We first compared the transcriptional profiles of CD4+ T cells between primary VL-HIV patients and chronic VL-HIV patients at the start and end of treatment (Fig. 6A,B). The level of expression of genes related to the antigen processing and presentation pathway, including genes of the Human Leukocyte Antigen (HLA) locus, was already higher in pVL-HIV patients than in cVL-HIV patients at the start of treatment (Fig. 6A), but was even more prominent after treatment (Fig. 6B). Accordingly, the genes of the T cell activation pathway had higher expression in pVL-HIV patients than in cVL-HIV patients after treatment. In addition, pVL-HIV patients showed increased expression of IFNG and genes related to the cellular response to IFNG after treatment, as compared to cVL-HIV patients. CCL5, which is associated with long-term viral suppression in HIV controllers, was markedly upregulated in pVL-HIV patients at both timepoints, suggesting that pVL-HIV patients may be able to control HIV better than cVL-HIV patients 44. Alternatively, we compared the transcriptional profiles of CD4+ T cells before and after treatment within the pVL-HIV and cVL-HIV patient groups (Fig. 6C-D). While parasitological treatment induced upregulation of T cell antigen presentation and activation pathway genes, and IFN-γ response pathway genes, in pVL-HIV patients (Fig. 6C), the CD4+ T cells of cVL-HIV patients instead experienced a downregulation of the genes of these pathways (Fig. 6D). This finding indicates a lack of host treatment responsiveness in cVL-HIV patients. Similarly, the CD8+ T cells of pVL-HIV patients featured increased expression of genes related to T cell antigen presentation and activation pathways as compared to cVL-HIV patients both at D0 and after treatment (Fig. S8).
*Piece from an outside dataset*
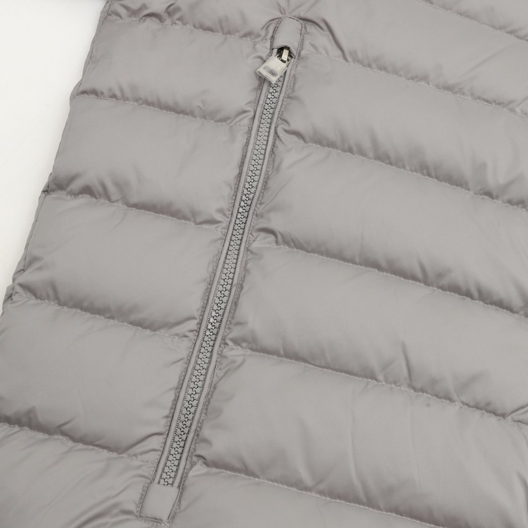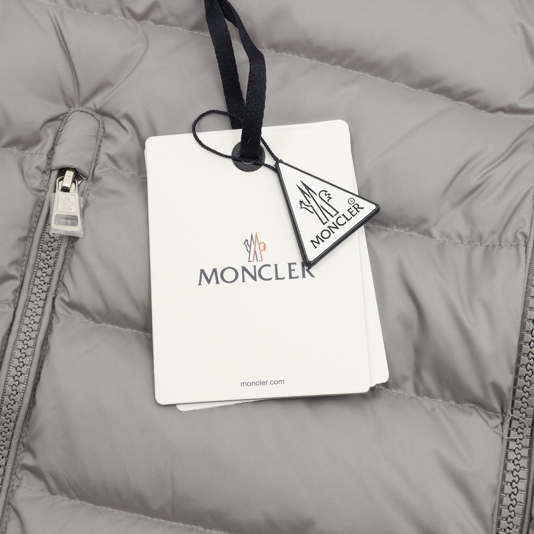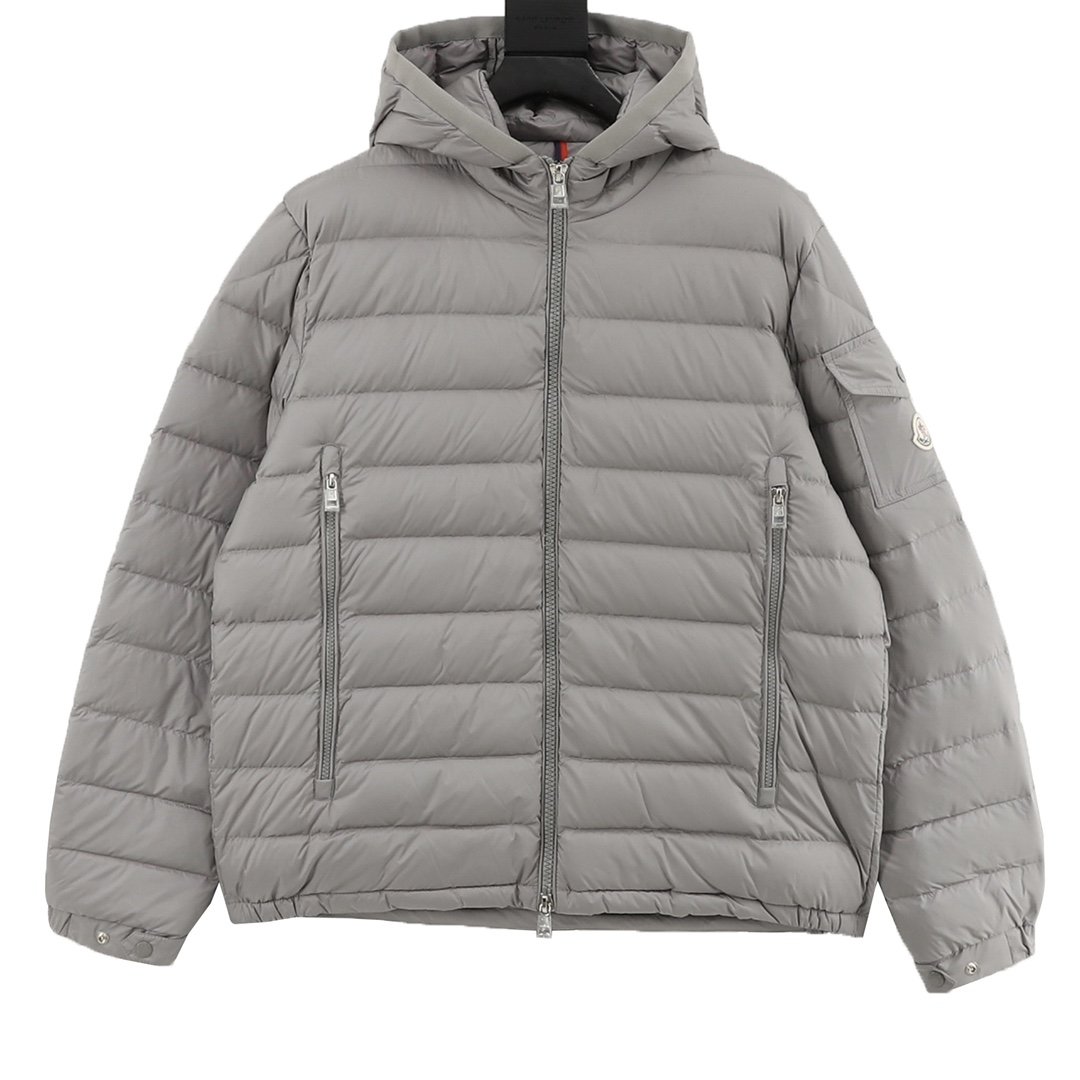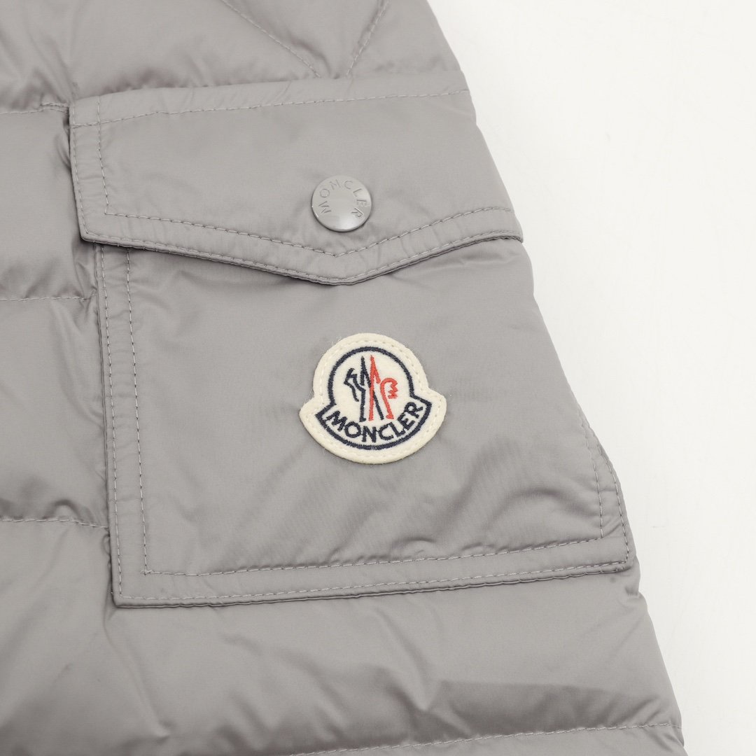 This Moncler lightweight hooded down jacket with lettering is a simple and versatile light gray color. Filled with polyester and duck down, it’s warm yet lightweight, perfect for autumn and winter! The loose fit is unisex, the hooded design is windproof and practical, and the zipper and snap buttons make it easy to put on and take off. Elasticated cuffs and hem further enhance wind protection. Suitable for daily commutes and outdoor activities, it pairs easily with jeans or casual pants for a stylish look.

Finally, due to the consistent upregulation of antigen presentation- and recognition-related pathways in pVL-HIV patients, but not cVL-HIV patients, we verified whether similar findings could be observed in the circulatory antigen-presenting cell (APC) subsets (CD14+ and CD16+ monocytes). Here, we showed that treatment in the pVL-HIV patients induces antigen processing- and presentation-related gene upregulation (Fig. S9). In contrast, only three differentially expressed genes between the D0 and EOT timepoints could be identified in the cVL-HIV patients. While this could indicate that treatment has few consistent effects on the expression of genes of these patients, this could also be partly explained by the observed depletion of CD16+ monocytes within this patient group, as shown in Fig. 3.
Lack of lymphoproliferative response at the clonotype level confirms pronounced CD4+ T cell unresponsiveness
Since we observed consistent T cell unresponsiveness in cVL-HIV patients at a transcriptional level, we set out to confirm this finding at the T cell clonotype level using single-cell TCR profiling. When comparing the treatment-induced expansion of the top 30 clonotypes between the pVL-HIV and cVL-HIV patients (Fig. 7A,B), we observed a marked clonotype expansion in pVL-HIV patients, but not in cVL-HIV patients who experienced subsequent VL episodes. When these clonotypes were highlighted on the projected UMAP, we observed that the pronounced T cell expansion in pVL-HIV patients occurred in both the CD4+ and CD8+ subsets, in contrast to a restricted CD8+ repertoire in cVL-HIV patients (Fig. 7C,D). The lack of lymphoproliferative responses after parasitological treatment further strengthens the observation of a persistent CD4+ T cell anergy in chronic VL-HIV patients experiencing VL relapses, as compared to primary patients without VL relapse. This finding implies an adjuvant host-directed immunotherapy regimen could be beneficial to stimulate a correct activation and subsequent expansion of T cells.